I can't shake the feeling that a lot of the logic around ML models having more or less the same "rights" as humans comes from misleading marketing that they, in any shape or form, resemble human intelligence. AI is a buzzword applied to any kind of algorithm for an activity that people previously thought couldn't be automated.

Back when I was young, graph pathfinding algorithms where called AI. A few decades later they are a well understood commodity and I haven't seen anyone call them AI for a while. Maybe that'll happen to LLMs too, given a few years?


An argument in favour of legality of web scraping is if a human can look at websites and collect data, then why shouldn't they be allowed to do the same programatically?

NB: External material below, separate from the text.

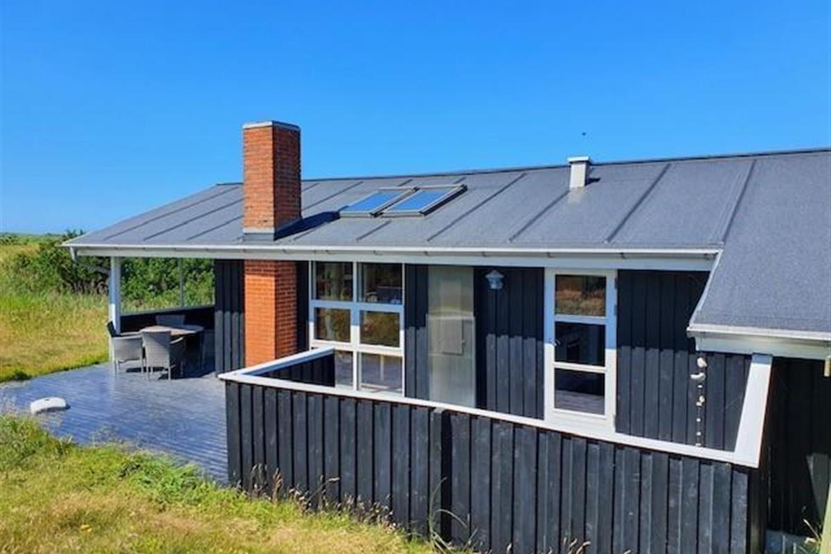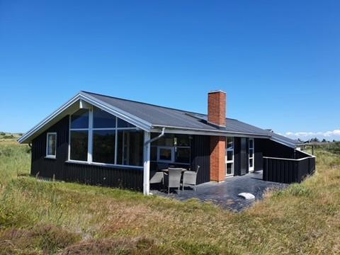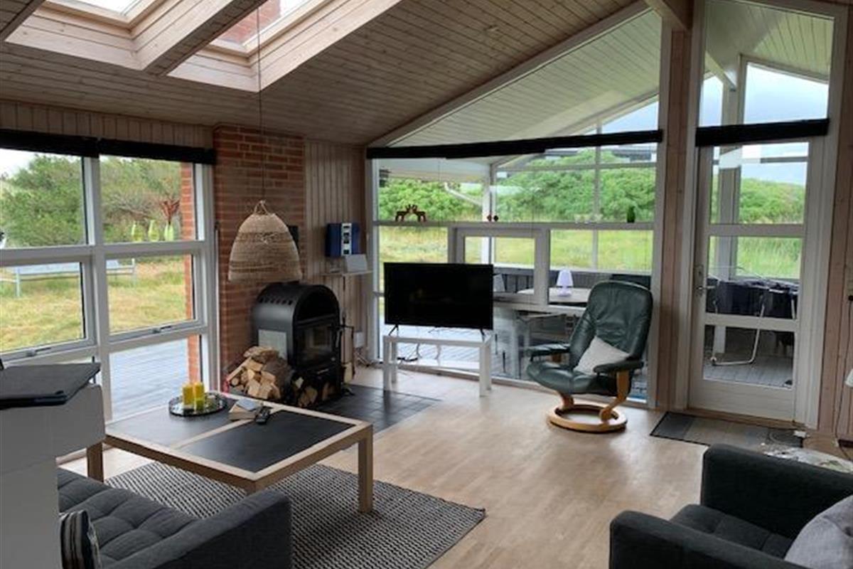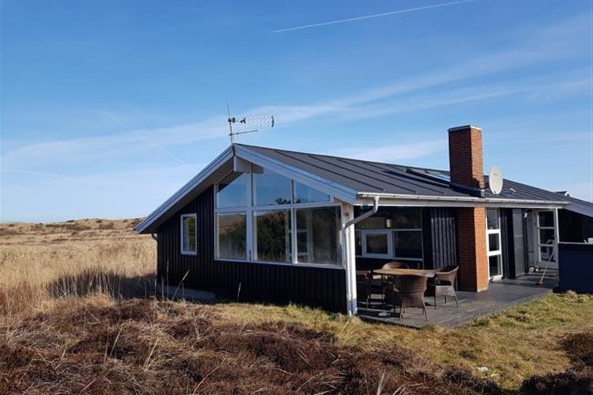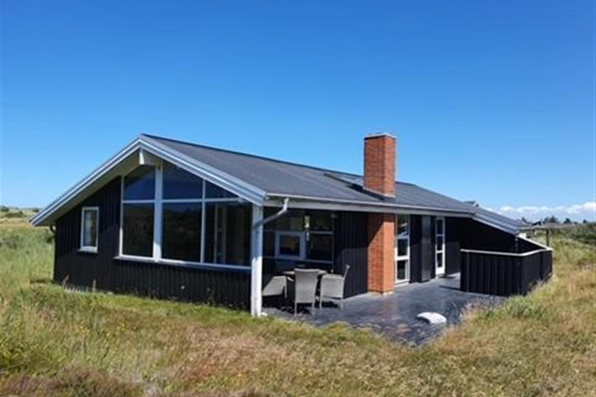 Skønt sommerhus med højt til loftet på en dejlig naturgrund i 1. klitrække kun 200 meter fra stranden.

This is the same but for use of open source code: if humans are allowed to use one specific (organic) neural network to read, process, and use open source code, then why shouldn't they be allowed to use some other neural network, artificial or otherwise.


This is the slippery slope argument. It's not inconsistent to allow human "webscraping" while disallowing massive machine web scraping. Most important, it's about what the owner of the website considers to be appropriate.

A neural network is closer to a database than a human brain. So this is akin to saying: I can store your personal data in my human brain (without your consent), why am I not allowed to do it in PostgreSQL?


No, scraping stems from a service not placing any limits on its access cannot complain that it was accessed.

With code, that is denoted via the license, which when supplied with the code and especially as metadata before downloading (as is the case with GitHub) is the common means with which those limits are placed.

Humans and neural networks process information very differently and it's disingenuous to imply otherwise.


But the analogue on code is not machine learning, it should be automatically download code.


The specifics don't matter so much as the general idea that if a human can do it (anything), then why can't the human make a tool that can do it from them, thus saving them the work.